> [Activity]:
Scan the records below for the line containing "Wig store-Curly-Mixed Purple" and the line containing "家族の一員のワンちゃんや猫ちゃんが安心して食べられることがおやつと考えました。". Copy both, plus every line between, exactly.

> [Provided information]:
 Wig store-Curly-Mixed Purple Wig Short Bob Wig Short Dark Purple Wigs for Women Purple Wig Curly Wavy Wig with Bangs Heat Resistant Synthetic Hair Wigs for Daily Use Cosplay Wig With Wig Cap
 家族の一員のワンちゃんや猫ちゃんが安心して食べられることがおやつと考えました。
---
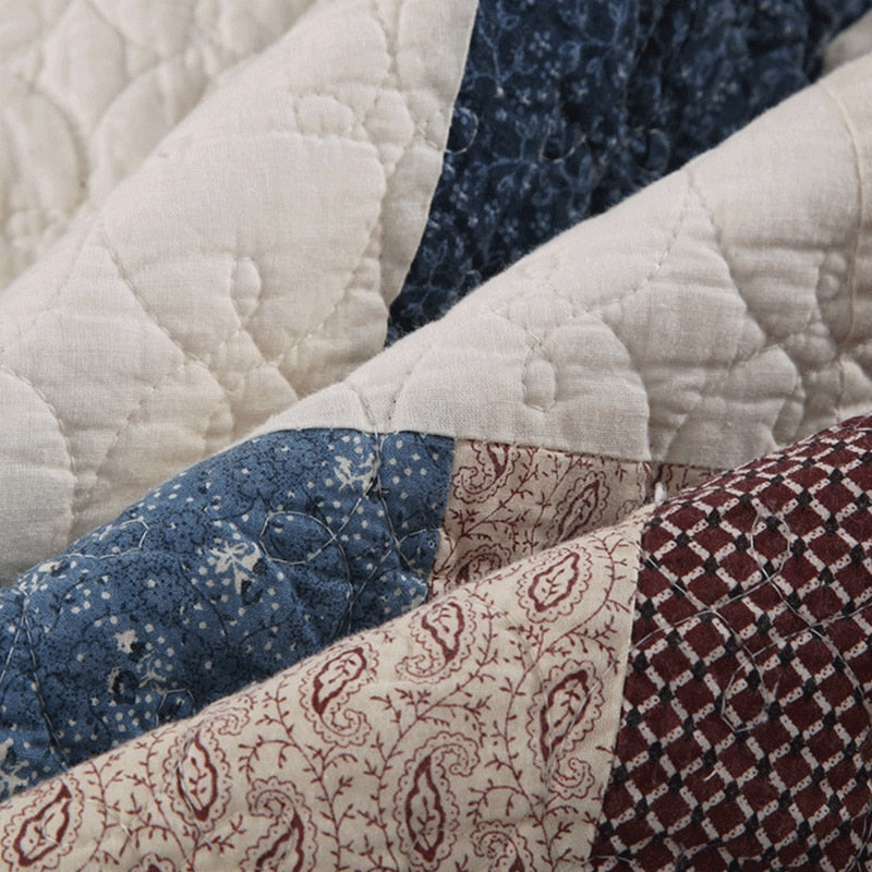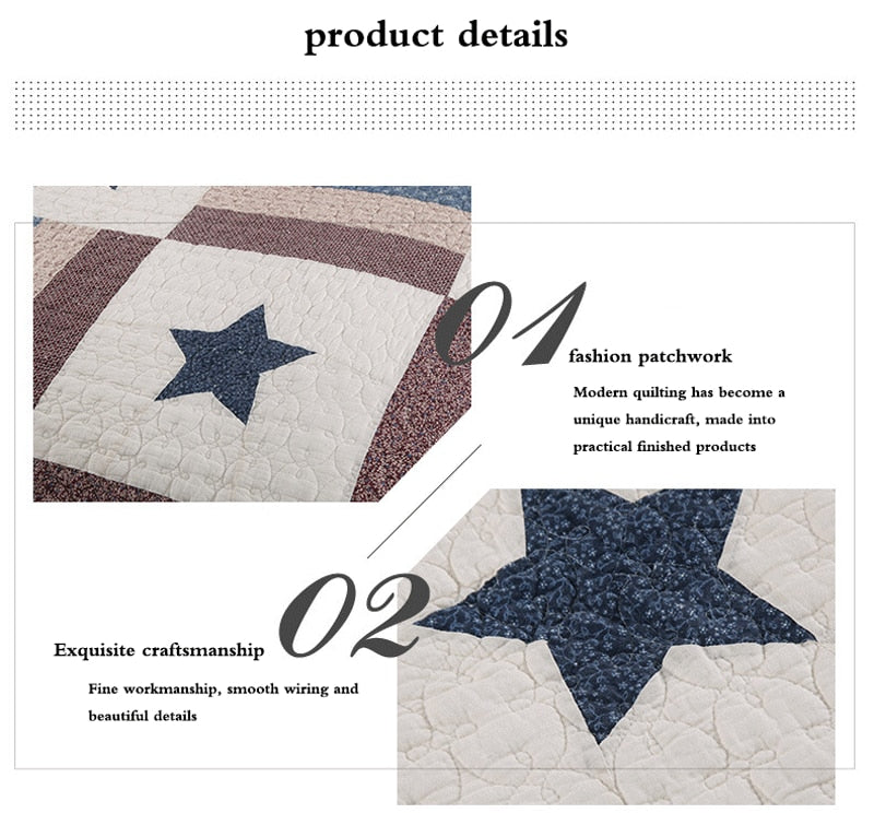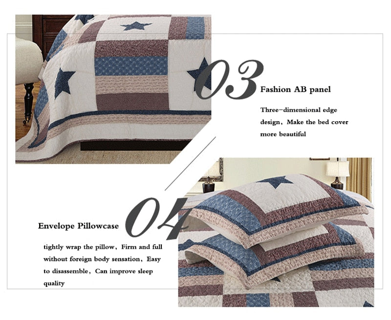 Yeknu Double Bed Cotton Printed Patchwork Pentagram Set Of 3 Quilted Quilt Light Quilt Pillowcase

> [Exercise result]:
 Wig store-Curly-Mixed Purple Wig Short Bob Wig Short Dark Purple Wigs for Women Purple Wig Curly Wavy Wig with Bangs Heat Resistant Synthetic Hair Wigs for Daily Use Cosplay Wig With Wig Cap
 家族の一員のワンちゃんや猫ちゃんが安心して食べられることがおやつと考えました。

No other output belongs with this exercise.